START DATA EXCERPT

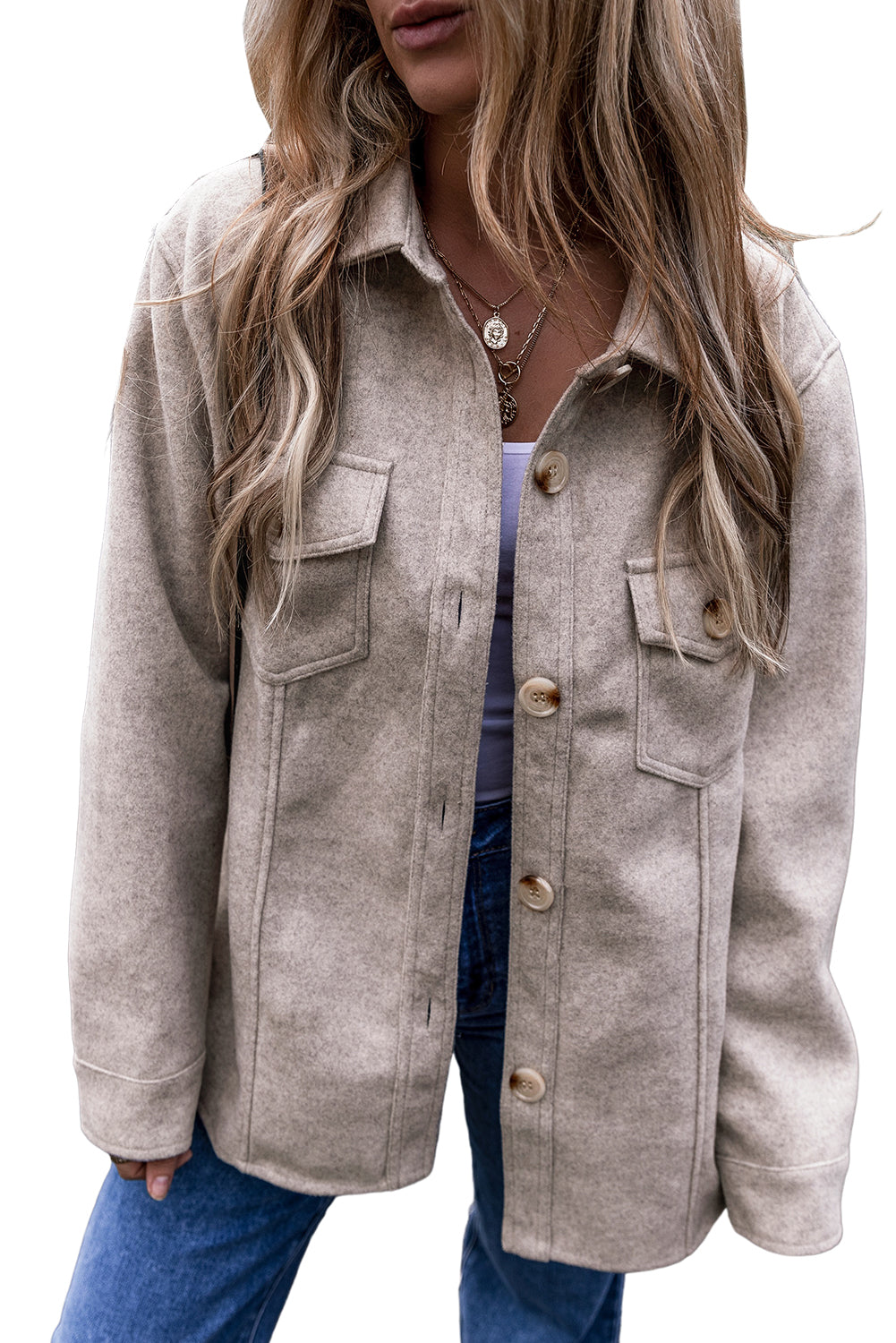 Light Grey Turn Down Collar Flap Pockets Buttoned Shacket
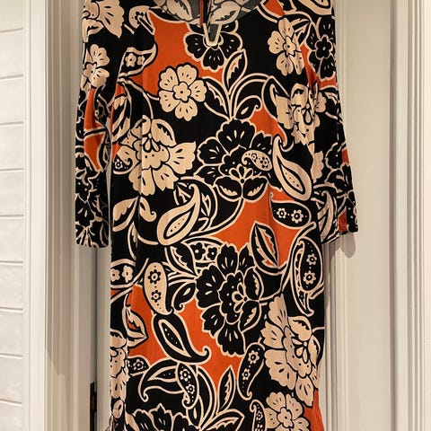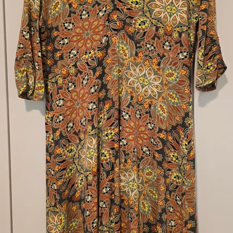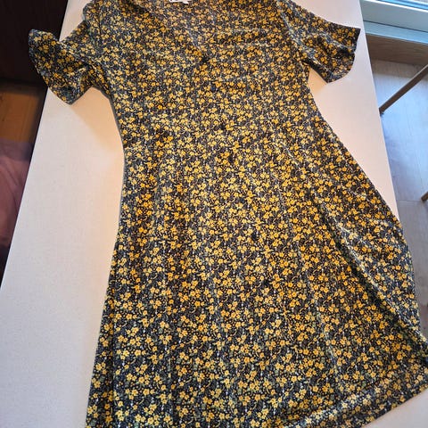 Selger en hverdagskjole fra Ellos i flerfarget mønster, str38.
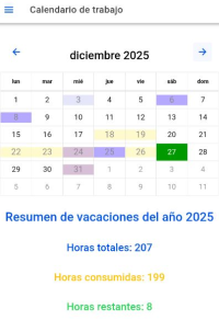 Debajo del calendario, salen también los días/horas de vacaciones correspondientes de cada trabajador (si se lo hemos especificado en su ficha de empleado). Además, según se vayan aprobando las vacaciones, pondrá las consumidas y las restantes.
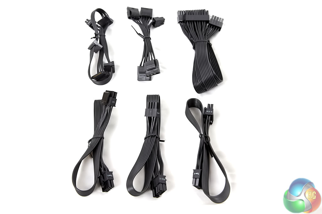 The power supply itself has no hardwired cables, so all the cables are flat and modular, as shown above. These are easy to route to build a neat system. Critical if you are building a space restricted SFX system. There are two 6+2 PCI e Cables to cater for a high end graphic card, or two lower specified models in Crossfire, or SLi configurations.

END DATA EXCERPT

ACTION ITEM - The lines to be transcribed are those from the first line of the data above through the line holding "Selger en hverdagskjole", inclusive; copy them exactly and only, leaving out the pictures.

RESPONSE FOR THIS EXERCISE -
 Light Grey Turn Down Collar Flap Pockets Buttoned Shacket
 Selger en hverdagskjole fra Ellos i flerfarget mønster, str38.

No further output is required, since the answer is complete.